O próprio Miguel Ángel Guerra também o conheceu, que em 1978 foi seu companheiro de equipe na Minardi e, em diálogo com esse meio, conta como era Elio: “Quando chego à Europa e fiz minha estréia na Fórmula 2 Europeia, tive que ser companheiro de equipe e dividimos um quarto. Ele era um garoto introvertido, que falava pouco, mas era uma pessoa excelente”, diz o ex-piloto de F1, campeão múltiplo de monoposto na Argentina e que conquistou o título do TC 2000 em 1989. “Ele era um piloto muito bom e nós compartilhamos várias corridas, ele com o motor Dino Ferrari V6 e eu com o BMW. Ele tinha um pré-contrato para correr com a Ferrari, e seria o primeiro italiano, após o acidente fatal de Ignacio Giunti, a entrar em um dos carros de Enzo Ferrari, que não queria italianos em sua equipe por causa das críticas que recebeu pela morte de Giunti. A chance de Elio foi interrompida porque ele teve uma discussão com um engenheiro da Ferrari. Então eu peguei o motor Ferrari para o F2 ″. Então Guerra veio se encontrar com a Ferrari para pedir-lhe uma chance.

De Angelis no dia em que testou o Ferrari 312 T3 em Fiorano (https://www.eliodeangelis.info/)

Naquele ano, Elio também correu na Fórmula Aurora, que era uma categoria inglesa com carros de F1 em desuso, na qual o argentino Ricardo Zunino venceu, que também alcançou o Máxima. Além disso, Elio venceu o Grande Prêmio de Fórmula 3 de Mônaco e a equipe Shadow F1 fez um teste em setembro. Seus recordes foram bons e ele ganhou um lugar como piloto titular em 1979.

O grande circo

Ele fez sua estreia na F1 na Argentina e foi o sétimo em um carro não competitivo. Durante a temporada, ele mostrou sua condição e coragem, embora às vezes ele tivesse excessos como na Bélgica, onde ele levou o Alfa Romeo de seu compatriota, Bruno Giacomelli. Mas os donos da equipe viram seu potencial, incluindo Colin Chapman, dono da Lotus, que em 1980 teve que procurar um substituto para Carlos Reutemann, nada menos, que rescindiu seu contrato e passou para a Williams.

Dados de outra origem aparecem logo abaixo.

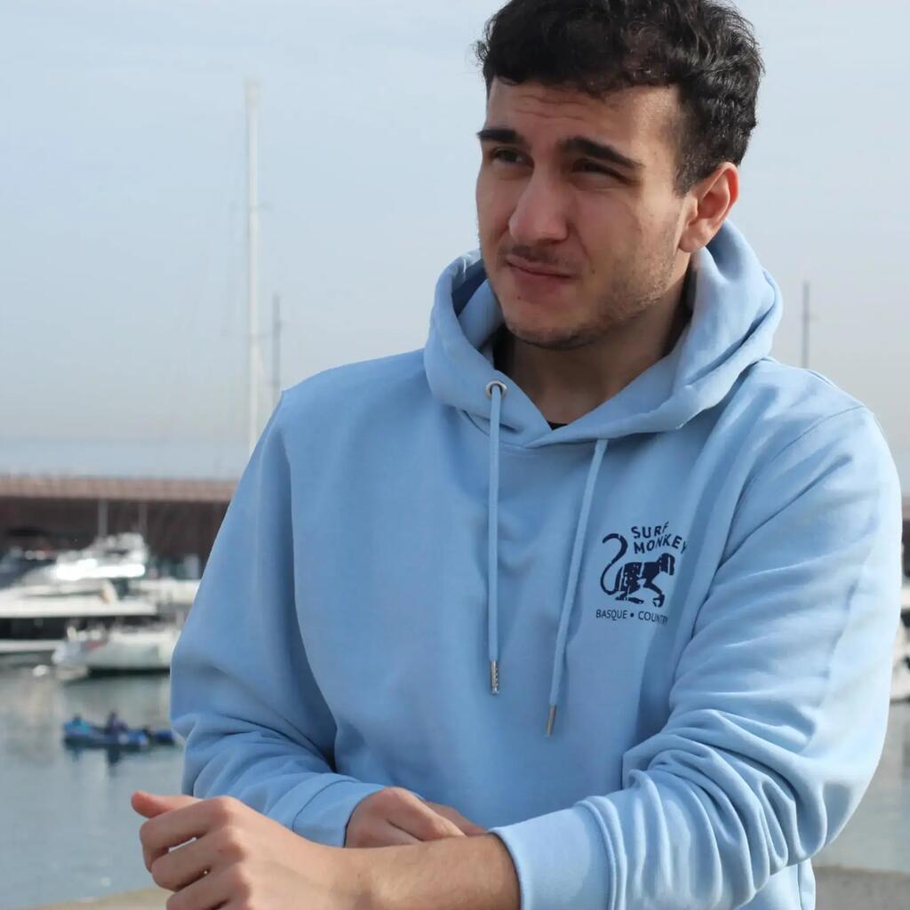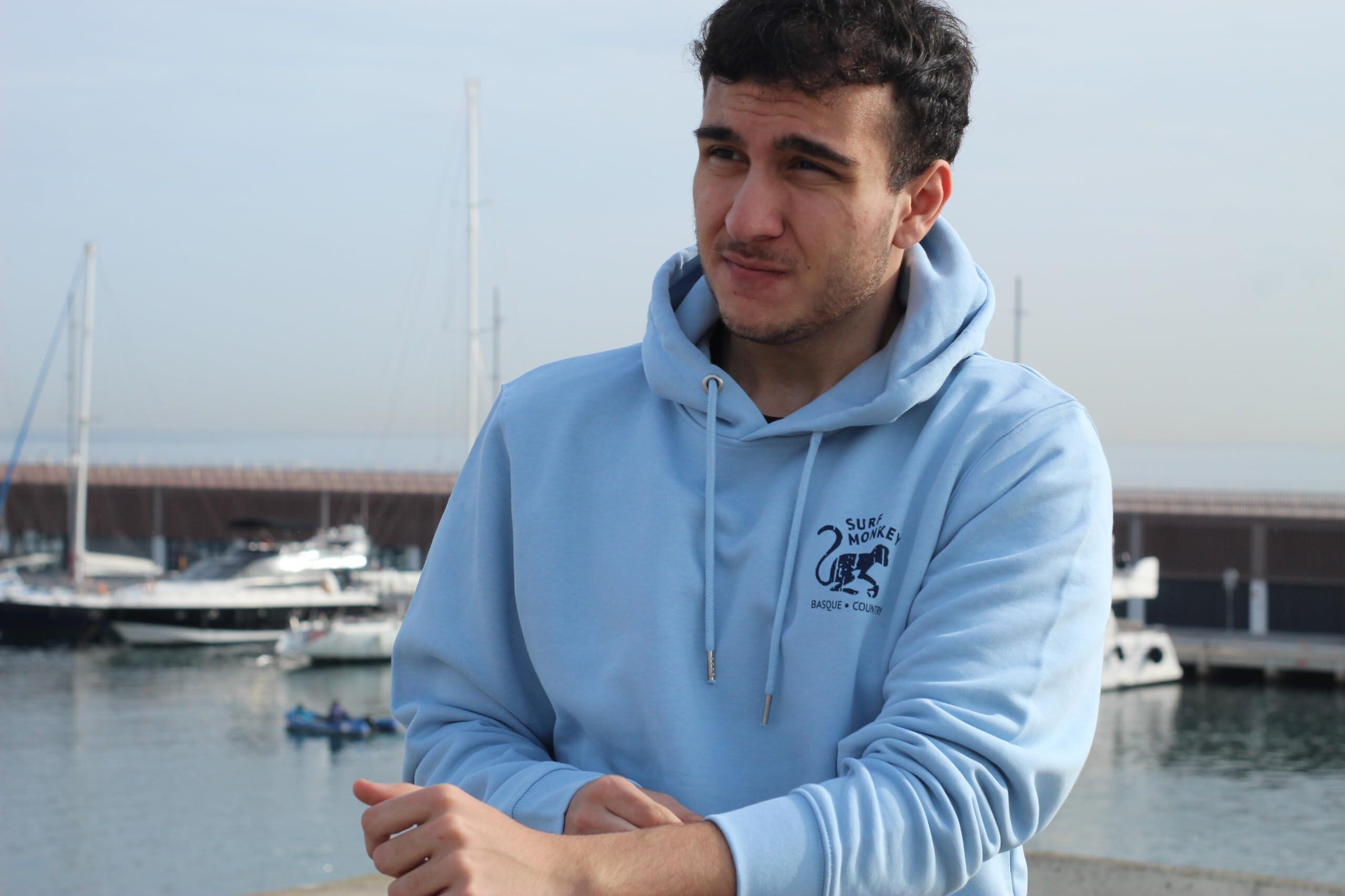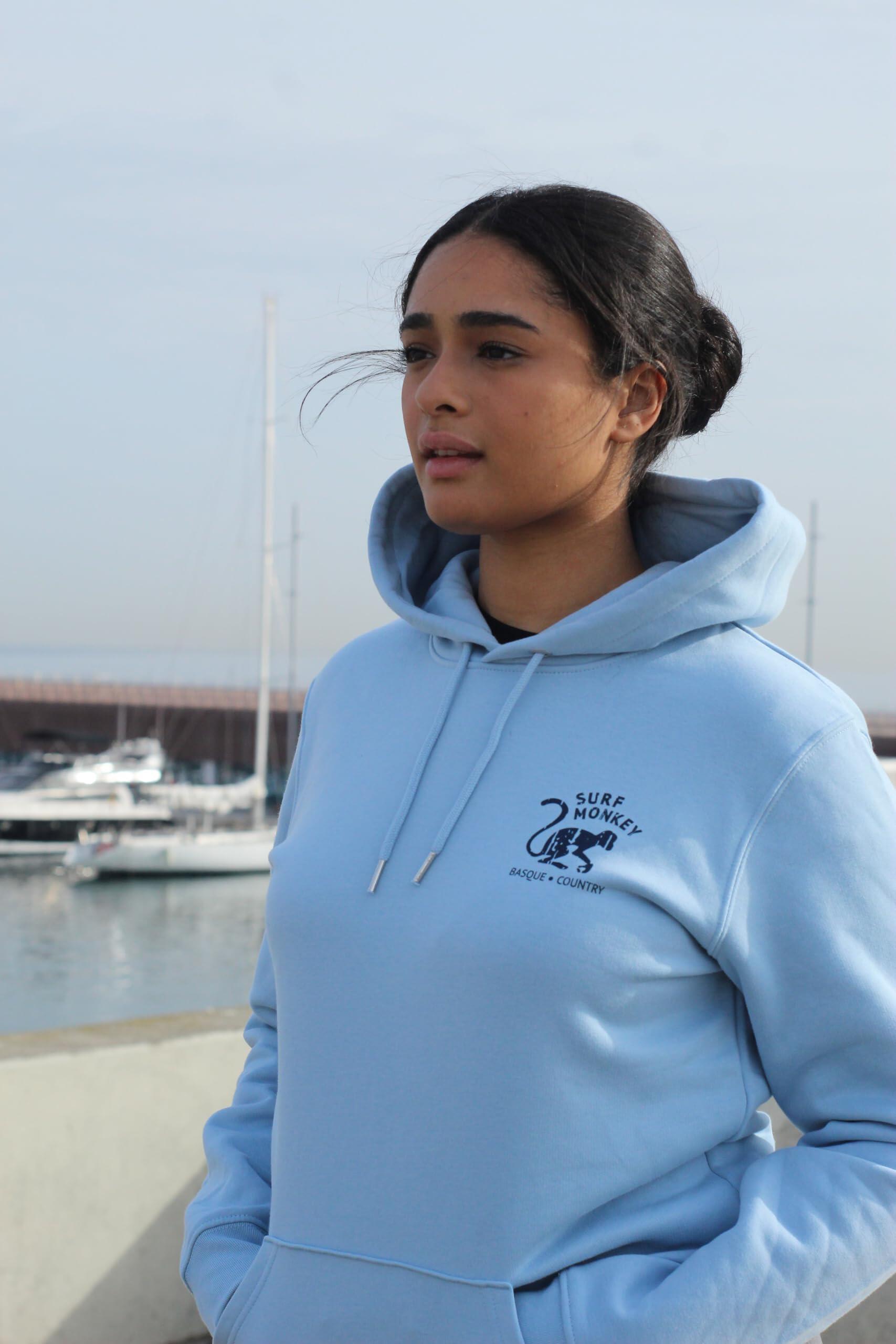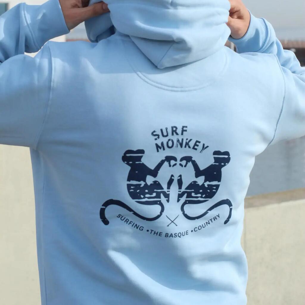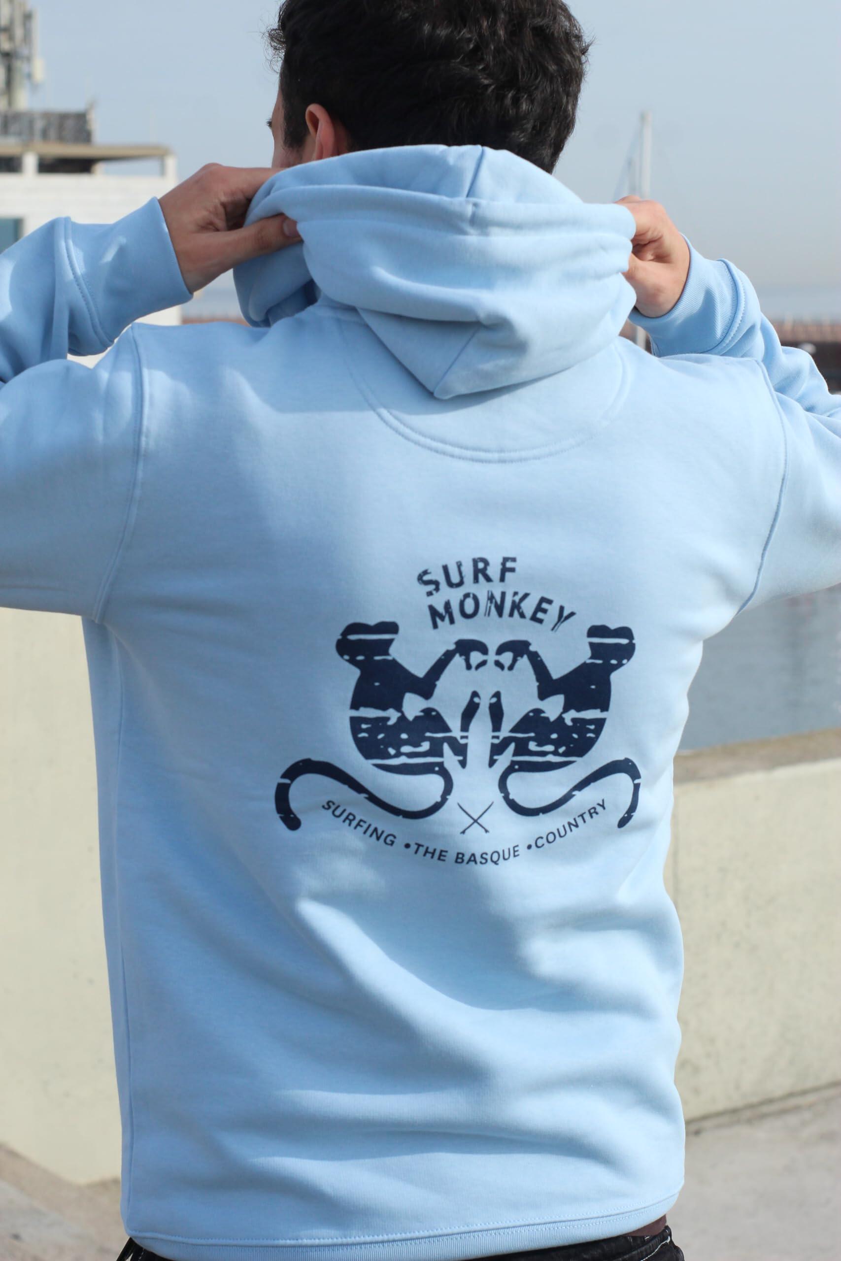Cotton Sweatshirt - 2 Monkeys - Hooded / Adult (Blue)

No Brasil ele foi o segundo, mas poderia ter sido o vencedor mais jovem da história, já que naquela época ele tinha 21 anos com um carro que não era top de linha, como o Lotus 81. A entrada de Nigel Mansell elevou a fasquia, mas nos dois primeiros anos o italiano foi melhor que o inglês e nessa segunda temporada juntos, em 1982, Elio conquistou sua primeira vitória na F1 na Áustria e com uma definição agonizante por apenas 0,5 segundo contra Keke Rosberg (Williams), em uma das finais mais apertadas na história. “Rosberg ficou em segundo lugar e foi para o lado interno. Achei que tinha que fazer a todo custo: bloqueei de todas as formas, não podia acontecer”, reconheceu em um bate-papo com a Autosrint. Esse triunfo acabou com a seca de quatro anos para a equipe de Colin Chapman, seu proprietário histórico e o revolucionário designer de carros.

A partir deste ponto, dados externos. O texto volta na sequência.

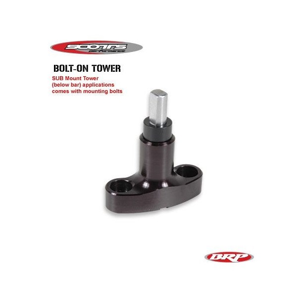 The Scotts Performance bolt on tower is an integral part of the stabilizer application, and is the critical connection between the stabilizer and the frame of the motorcycle. This tower is a SUB Mount style bolt-on tower designed for below bar stabilizer mounting(Scotts Under Bar). Bolt on towers are available for most late model bikes.
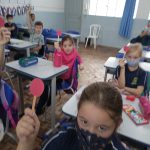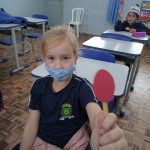 Atividade realizada com os alunos do 2° ano A, na Escola Municipal Bom Jesus de Mandirituba, a turma é formada por 20 alunos, no período da manhã. Através de roda de conversa dei início a aula conversando com as crianças sobre a importância do Maio Amarelo. Segui explicando que no trânsito, amarelo simboliza a atenção que os motoristas devem ter para rodar nas vias e, em diversas situações, o amarelo também simboliza a advertência e a necessidade de redobrar os cuidados ao volante. Dando sequencia realizei o Quiz sobre o trânsito, neste jogo as crianças deveriam escolher a resposta correta e erguer a plaquinha correta. Exemplo: Não é necessário usar cinto de segurança no banco de trás.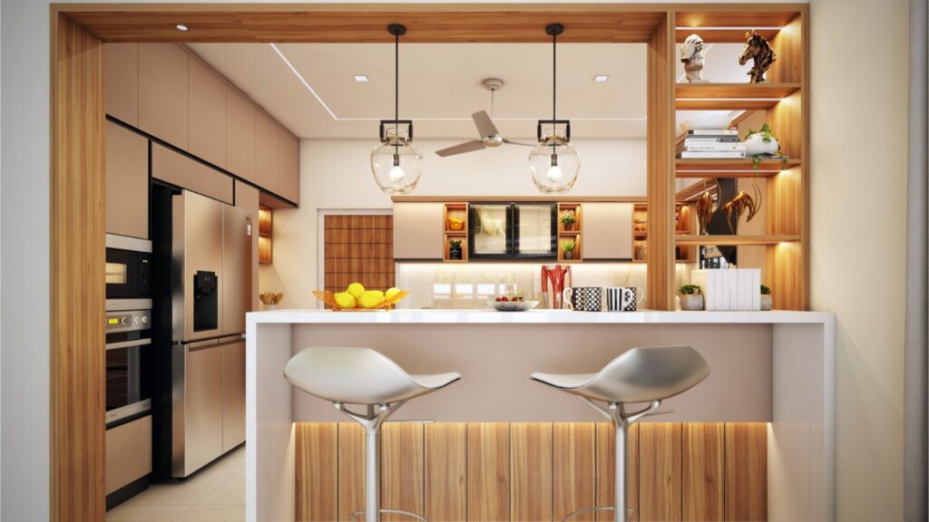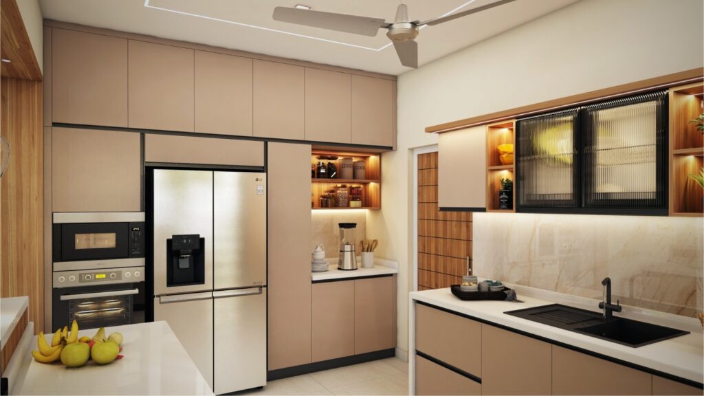 Discover the harmony of form and function in this contemporary kitchen interior, where warm textures meet clean lines to create a space that’s both inviting and sophisticated.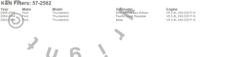 Below is an abbreviated list of applications for the Filtercharger Injection Performance Kit.Thunderbird, Ford, 2005, 2004, 2003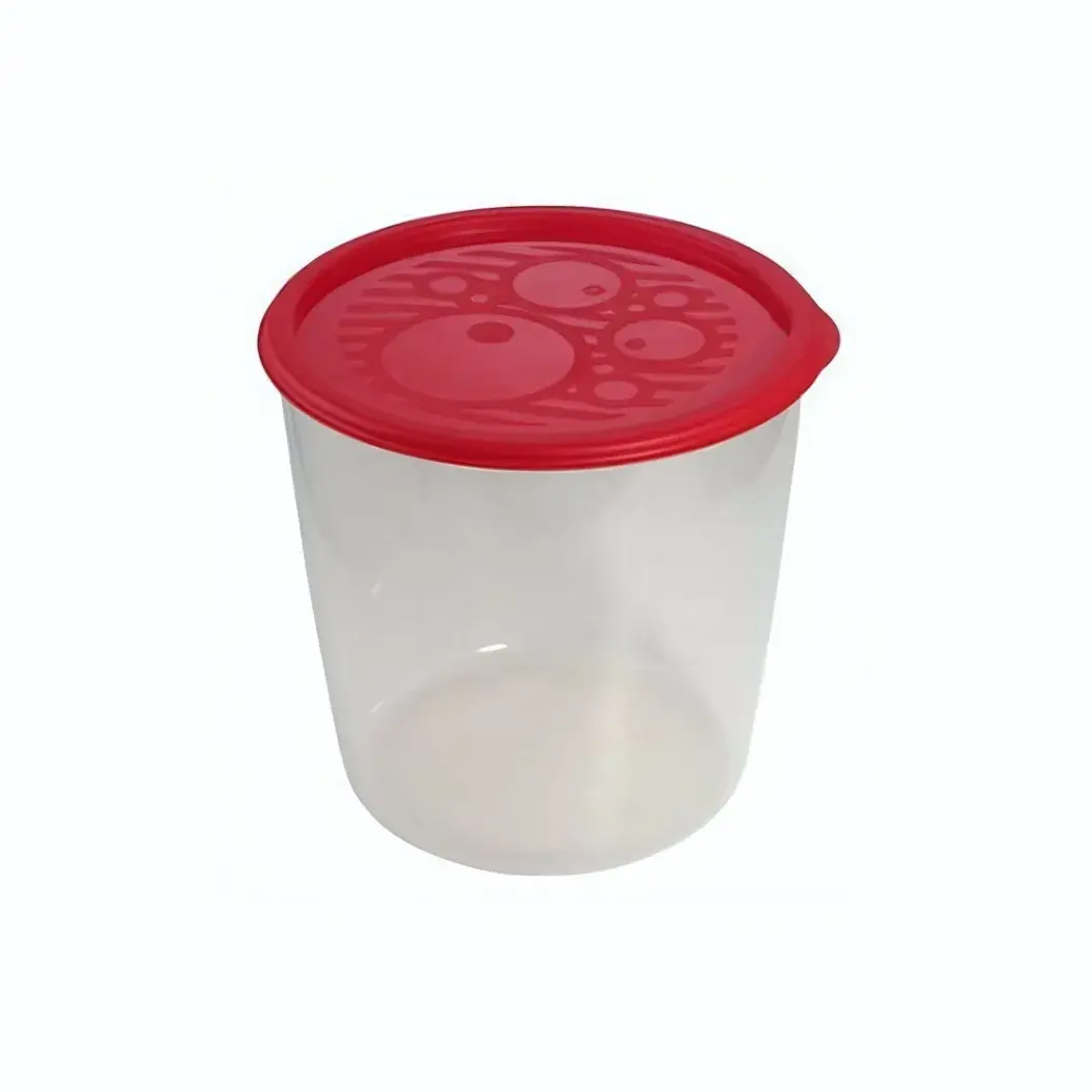 Объём 4,7 литра оптимален для хранения стандартных порций. Прозрачный корпус из пищевого пластика позволяет контролировать остатки продуктов, а яркая красная крышка создаёт визуальный акцент в кухонном пространстве. Цилиндрическая форма обеспечивает устойчивость на полках и равномерное охлаждение содержимого.

Em janeiro daquele ano, no período que antecedeu a corrida sul-africana, a única greve dos pilotos do Maxima foi realizada liderada por Didier Pironi e Niki Lauda, exigindo maiores liberdades para negociar contratos e poder testemunhar na mídia. Na medida da força, os corredores se amotinaram em um hotel, dormiam em colchões em um lounge e, para passar o tempo, De Angelis tocava piano para seus colegas.

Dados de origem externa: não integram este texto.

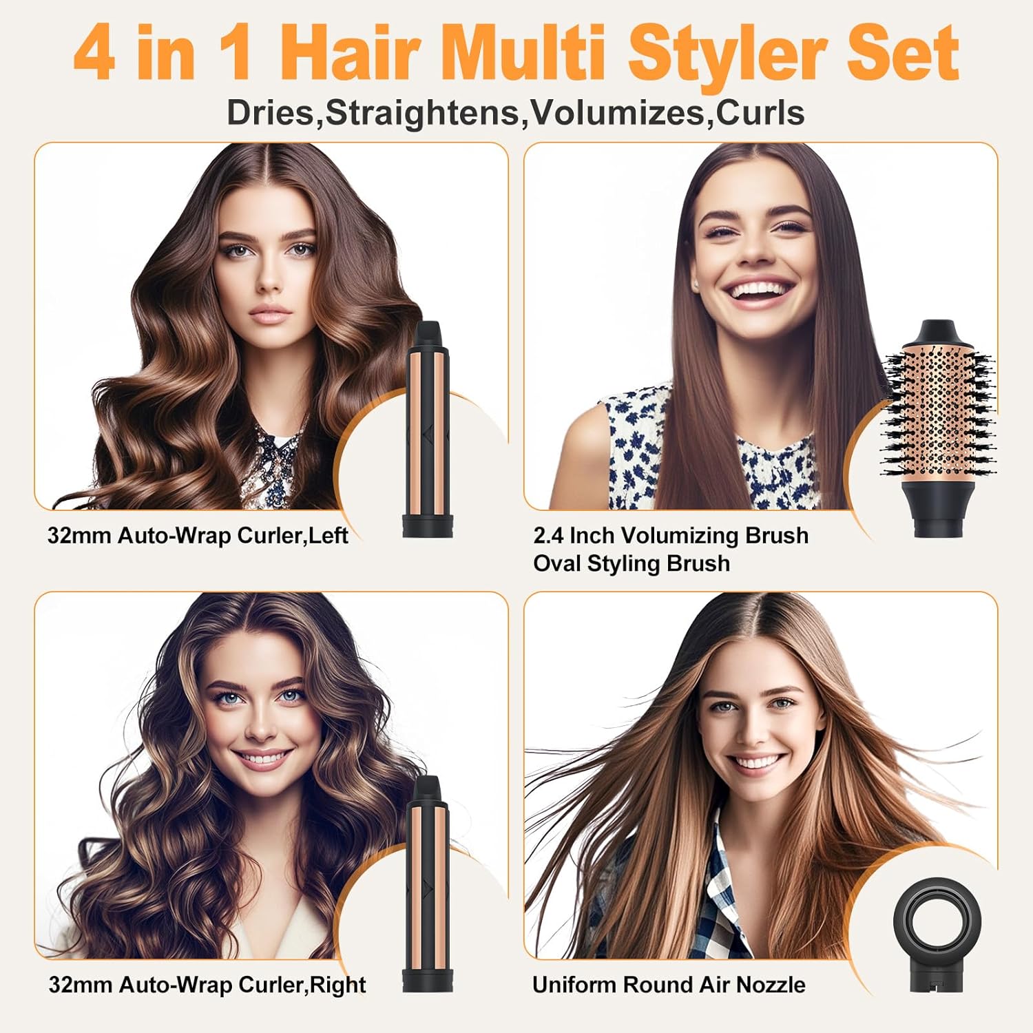 4-in-1 Hair Styler Set-Curl,Volumize,or Straighten with Ease: This professional hair styling tool comes with four interchangeable attachments: a high-speed hair dryer, two auto-wrap curling barrels (1.25”) and a volumizing brush. This Air styler can give you for achieve salon-inspired results at home with ease.Enjoy the freedom to explore various hairstyles without the hassle of juggling different tools, making your styling routine more enjoyable and efficient.

Naquela época, ele também era conhecido pelo apelido de “O Príncipe Negro” porque pertencia a uma família rica e porque, até então, exceto em 1980, ele sempre dirigia carros dessa cor. A entrada dos motores turbo da Renault não trouxe bons resultados para a Lotus em 1983, mas em 1984 o carro respondeu e foi o melhor dos demais atrás da McLaren que com Niki Lauda e Alain Prost definiu o campeonato. Elio ficou em terceiro e superou os pilotos da Ferrari, Williams e Brabham. No ano seguinte, ele repetiu a vitória, em Imola, casa do GP de San Marino, mas foi após a exclusão de Prost. Nessa temporada teve como parceiro Ayrton Senna, que conquistou duas vitórias e o italiano foi para Brabham porque entendeu que o brasileiro recebia mais atenção da equipe.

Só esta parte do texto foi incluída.